» **Excerpted records**:

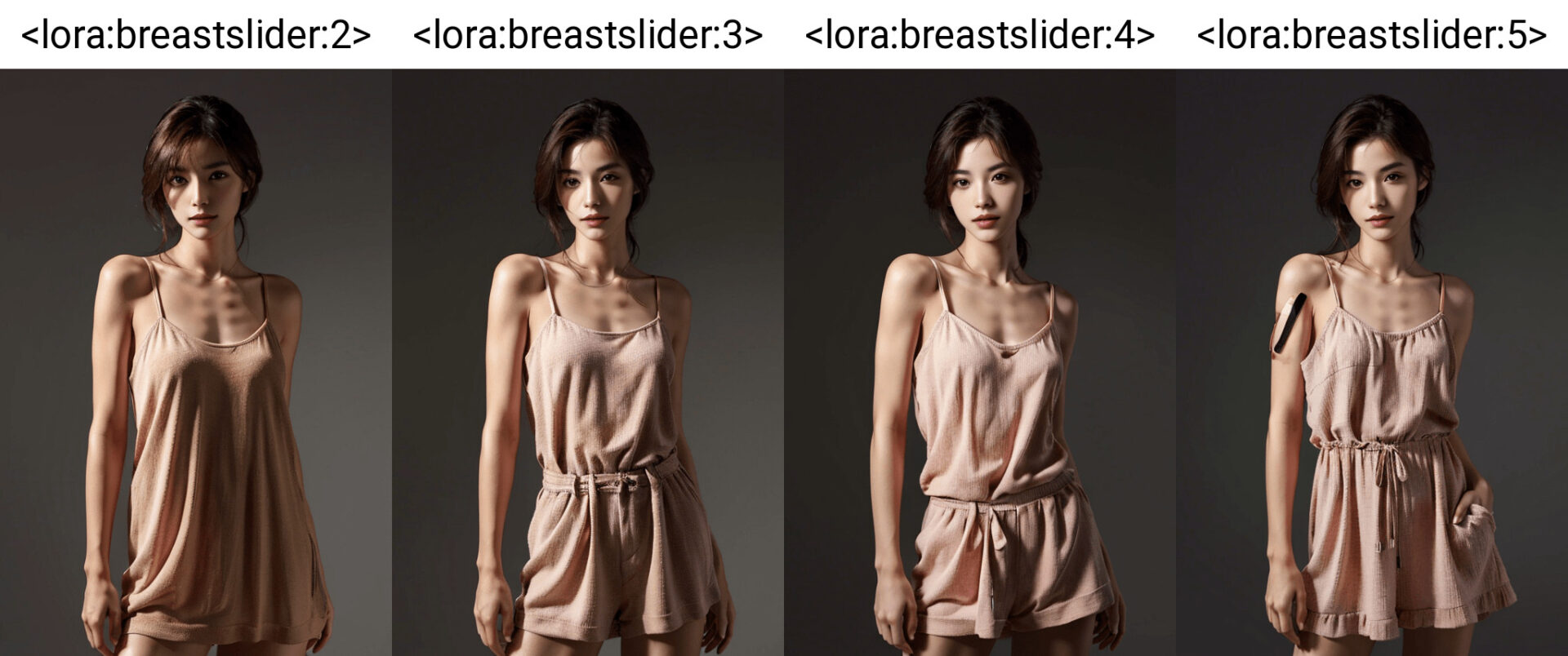LoRAなしの画像と比較すると、-2以下だと構図自体が変わり3を超えた時点ズームインしていますが、ポーズや衣装が変わっています。
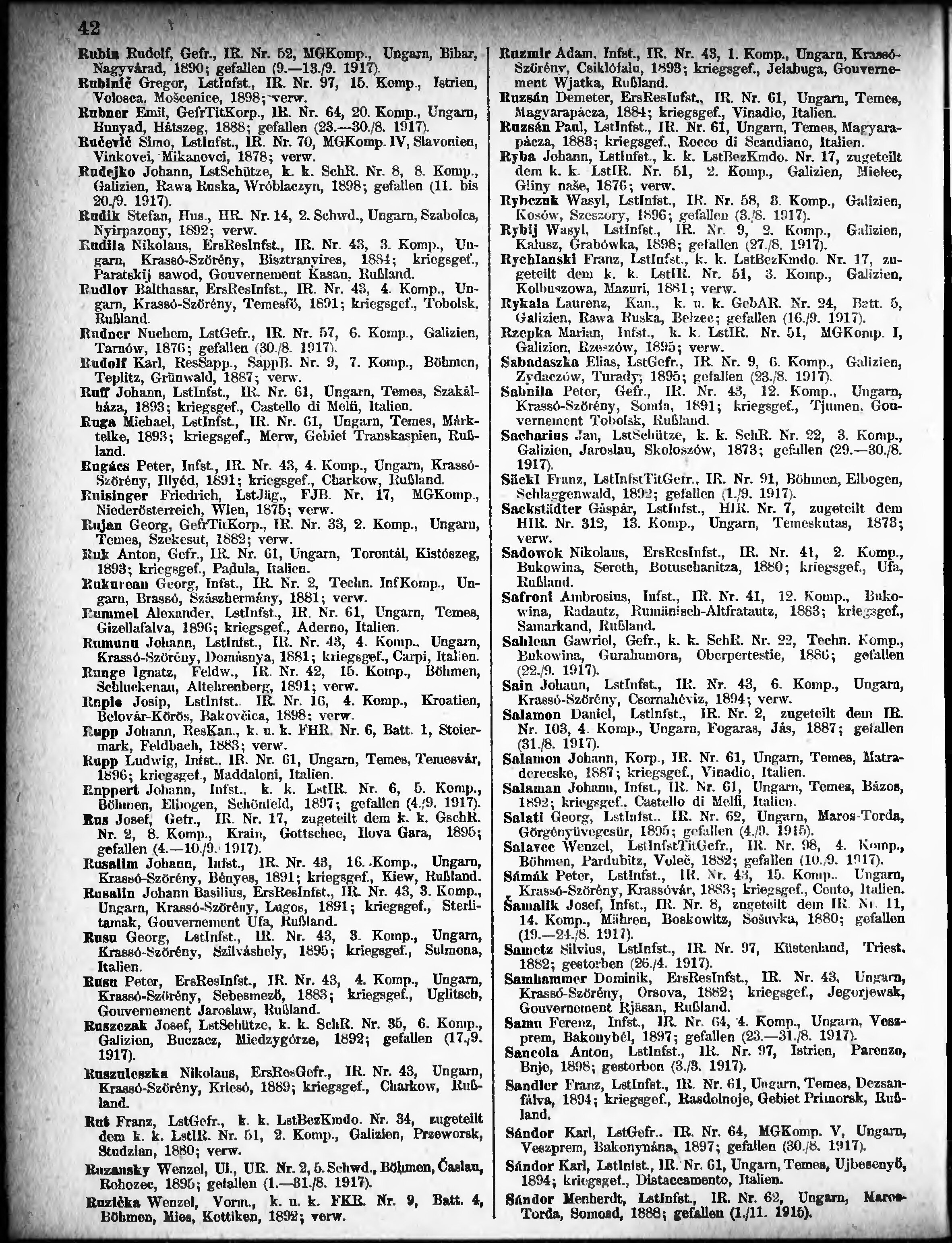 Verlustliste ausgegeben am
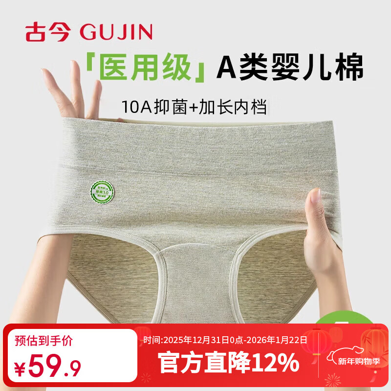 古今(GUJIN)4条装女士内裤女【10A医用级原棉】彩棉加长裆中高腰收腹三角裤hy
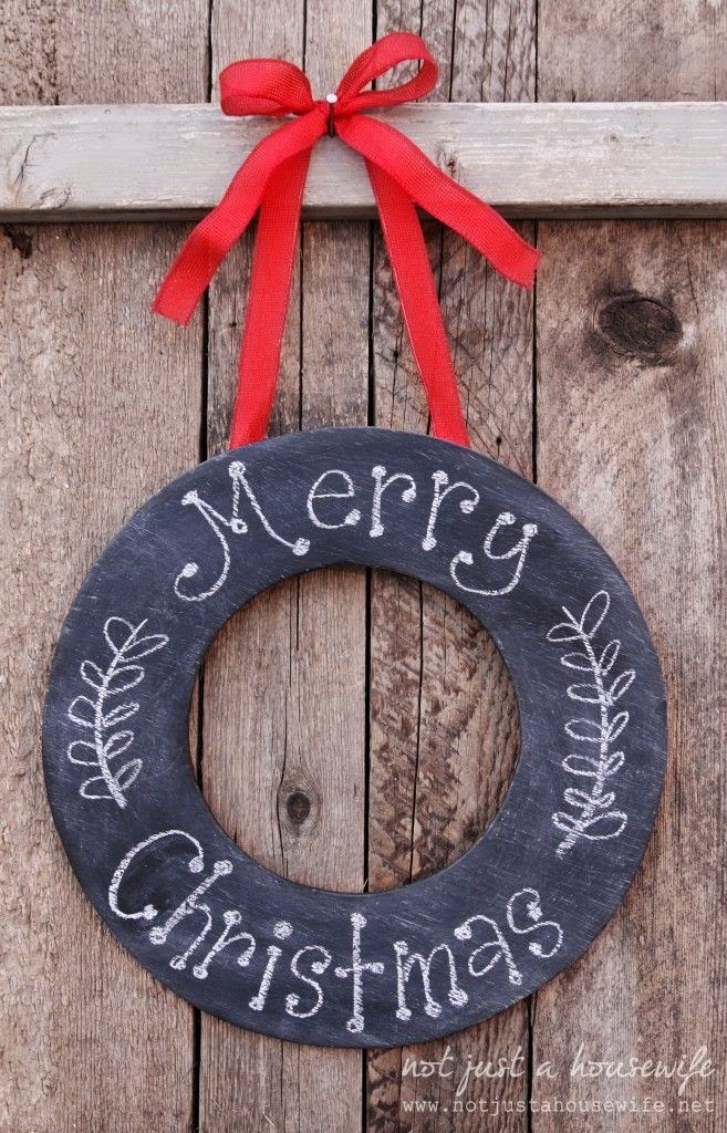 Chalkboard Christmas Wreath!!! Love it! So Clever! I bet you could do this with cardboard.
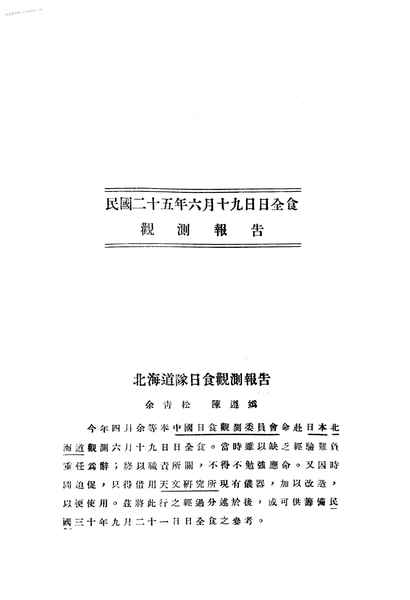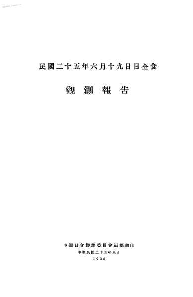 | 关键词:民国二十五年六月十九日日全食观测报告, | ||

» **Task**:
Transcribe the entries word for word, without their pictures.

» **Your solution**:
LoRAなしの画像と比較すると、-2以下だと構図自体が変わり3を超えた時点ズームインしていますが、ポーズや衣装が変わっています。
 Verlustliste ausgegeben am
 古今(GUJIN)4条装女士内裤女【10A医用级原棉】彩棉加长裆中高腰收腹三角裤hy
 Chalkboard Christmas Wreath!!! Love it! So Clever! I bet you could do this with cardboard.
 | 关键词:民国二十五年六月十九日日全食观测报告, | ||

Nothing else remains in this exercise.